President of Fort Valley State University
- In office 2006–2013
- Preceded by: Kofi Lomotey
- Succeeded by: Ivelaw Griffith

Personal details
- Born: 1950 (age 74–75) Philadelphia, Pennsylvania, U.S.
- Spouse: Betty Jean Hubbard
- Children: 2
- Education: Fort Valley State University (BA), Villanova University (MA), Carnegie Mellon University (PhD), University of London (PhD)
- Occupation: Academic administrator, former college president, historian, history professor, author

= Larry Eugene Rivers =

American academic administrator, educator, historian (born 1950)

Larry Eugene Rivers (born 1950) is an American academic administrator, former college president, history professor, and author. He served as President of Fort Valley State University.

== Biography and education ==
Larry Eugene Rivers was born in 1950, in the Sharon Hill section of Philadelphia, Pennsylvania. He is Baptist.

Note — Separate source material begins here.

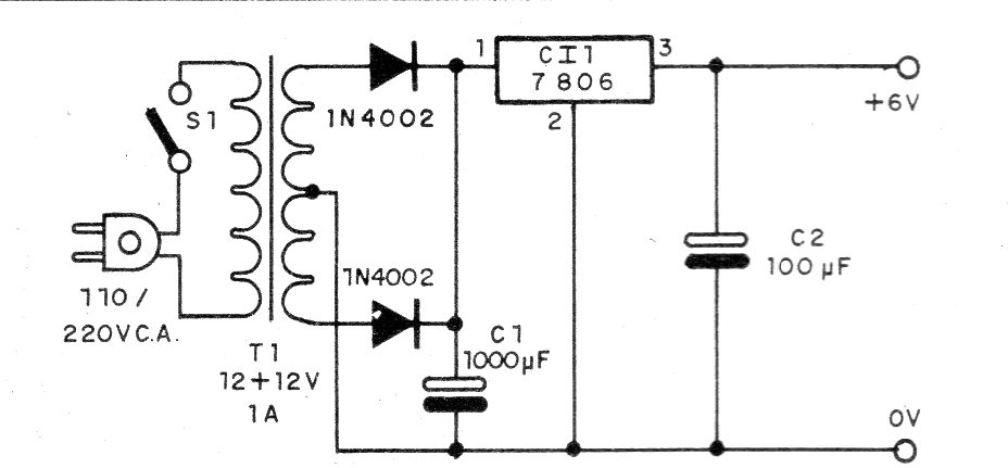 Esta fuente es ideal para sustituir 4 pilas en aparatos que necesiten 6 V de alimentación bajo corrientes hasta unos 500 mA. La corriente máxima depende únicamente del transformador utilizado. La fuente se estabiliza y se protege.

He has a bachelor's degree from Fort Valley State University, and a master's degree from Villanova University. He received doctorate degrees from Carnegie Mellon University, and the University of London. His thesis for his doctorate from the University of London was "Florida's Dissenters, Rebels, and Runaways: Territorial Days to Emancipation" (2002).

Rivers married Betty Jean Hubbard, who worked for the City of Tallahassee, and has two sons.

== Career ==
From 2002 until 2006, Rivers served as Dean of the college of arts and sciences at Florida A&M University, where he was a colleague of Canter Brown Jr.

In 2006, Rivers became the president of his alma mater Fort Valley State University in Fort Valley, Georgia, following the departure of Kofi Lomotey. He held that role until 2013, and succeeded by Ivelaw Griffith.

He was a history professor at Valdosta State University (VSU) in Valdosta, Georgia from 2013 to 2017.

==Bibliography==
- Rivers, Larry Eugene (2001). "Laborers in the Vineyard of the Lord: The Beginnings of the AME Church in Florida, 1865–1895"
- Larry Eugene Rivers (2008). "Slavery in Florida: Territorial Days to Emancipation"
- The Varieties of Women's Experiences: Portraits of Southern Women in the Post-Civil War Century. Gainesville: University Press of Florida, 2010. (with Canter Brown, co-ed.)
- Mary Edwards Bryan : Her Early Life and Works University Press of Florida, 2016. (with Canter Brown Jr.)
- Rebels and Runaways: Slave Resistance in 19th Century Florida. University of Illinois Press, 2017.
- Father James Page: An Enslaved Preacher's Climb to Freedom. Johns Hopkins University Press, 2021.